* [PROBLEM TO WORK ON]: Please count every line of the following material that holds "they" and give the total alone.

** Opening DATASET EXCERPTS block **

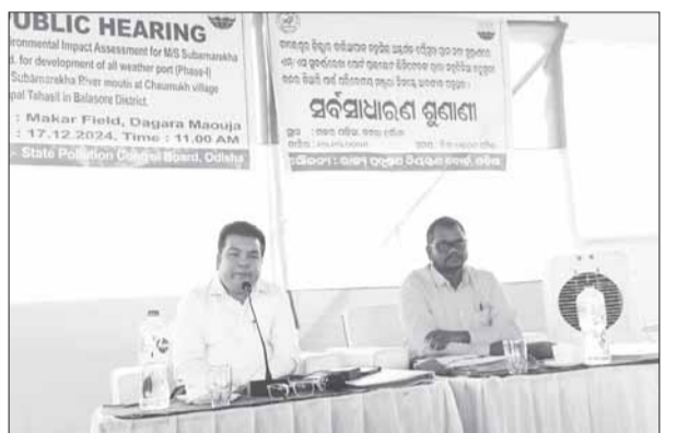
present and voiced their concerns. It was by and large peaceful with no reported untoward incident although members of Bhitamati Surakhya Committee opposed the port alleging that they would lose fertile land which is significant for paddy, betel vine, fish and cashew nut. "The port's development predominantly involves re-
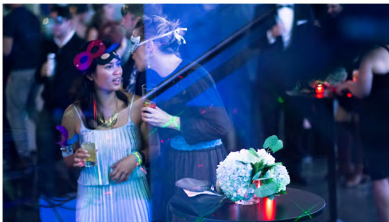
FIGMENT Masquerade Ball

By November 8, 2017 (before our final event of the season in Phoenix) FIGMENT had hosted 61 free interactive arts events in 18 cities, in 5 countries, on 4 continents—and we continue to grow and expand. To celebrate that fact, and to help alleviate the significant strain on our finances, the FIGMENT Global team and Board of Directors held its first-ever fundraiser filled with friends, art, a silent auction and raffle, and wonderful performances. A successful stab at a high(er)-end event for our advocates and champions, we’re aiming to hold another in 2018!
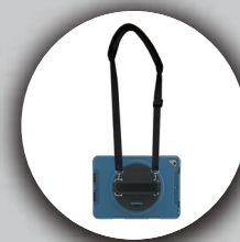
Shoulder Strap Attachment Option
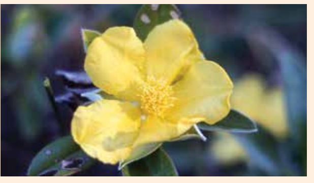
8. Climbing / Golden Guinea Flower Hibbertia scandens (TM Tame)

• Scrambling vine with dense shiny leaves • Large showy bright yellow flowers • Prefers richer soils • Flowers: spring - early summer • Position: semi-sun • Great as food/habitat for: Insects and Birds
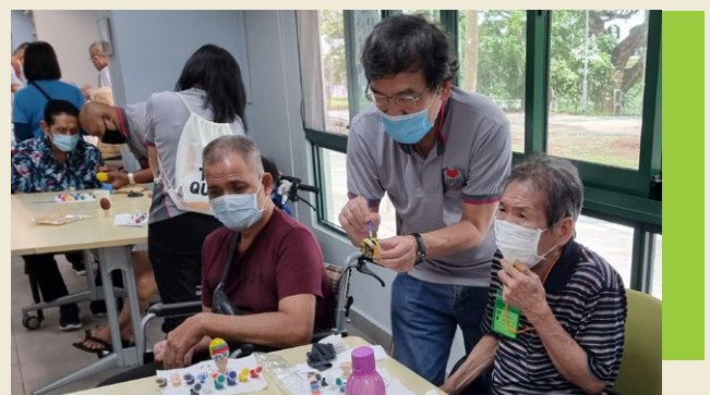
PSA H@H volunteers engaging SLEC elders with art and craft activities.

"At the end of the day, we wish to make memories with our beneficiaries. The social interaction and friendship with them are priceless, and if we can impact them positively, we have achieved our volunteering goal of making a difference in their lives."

** Closing DATASET EXCERPTS block **
** Opening DATASET EXCERPTS block **

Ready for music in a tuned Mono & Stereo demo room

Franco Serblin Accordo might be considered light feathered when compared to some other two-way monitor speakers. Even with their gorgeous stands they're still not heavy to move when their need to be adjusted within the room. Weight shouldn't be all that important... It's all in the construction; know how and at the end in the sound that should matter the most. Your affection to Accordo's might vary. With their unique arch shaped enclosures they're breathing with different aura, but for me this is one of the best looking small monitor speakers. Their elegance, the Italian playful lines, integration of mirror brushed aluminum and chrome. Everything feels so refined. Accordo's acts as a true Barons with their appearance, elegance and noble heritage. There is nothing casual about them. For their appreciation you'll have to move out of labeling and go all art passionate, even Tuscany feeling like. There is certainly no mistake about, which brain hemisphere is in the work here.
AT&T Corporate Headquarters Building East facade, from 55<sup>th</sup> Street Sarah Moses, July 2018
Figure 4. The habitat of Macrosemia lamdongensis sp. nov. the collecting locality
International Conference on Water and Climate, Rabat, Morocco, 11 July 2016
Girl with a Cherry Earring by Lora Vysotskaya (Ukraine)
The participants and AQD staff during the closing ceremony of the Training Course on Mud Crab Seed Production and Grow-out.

** Closing DATASET EXCERPTS block **

* [EXERCISE SOLUTION]: 2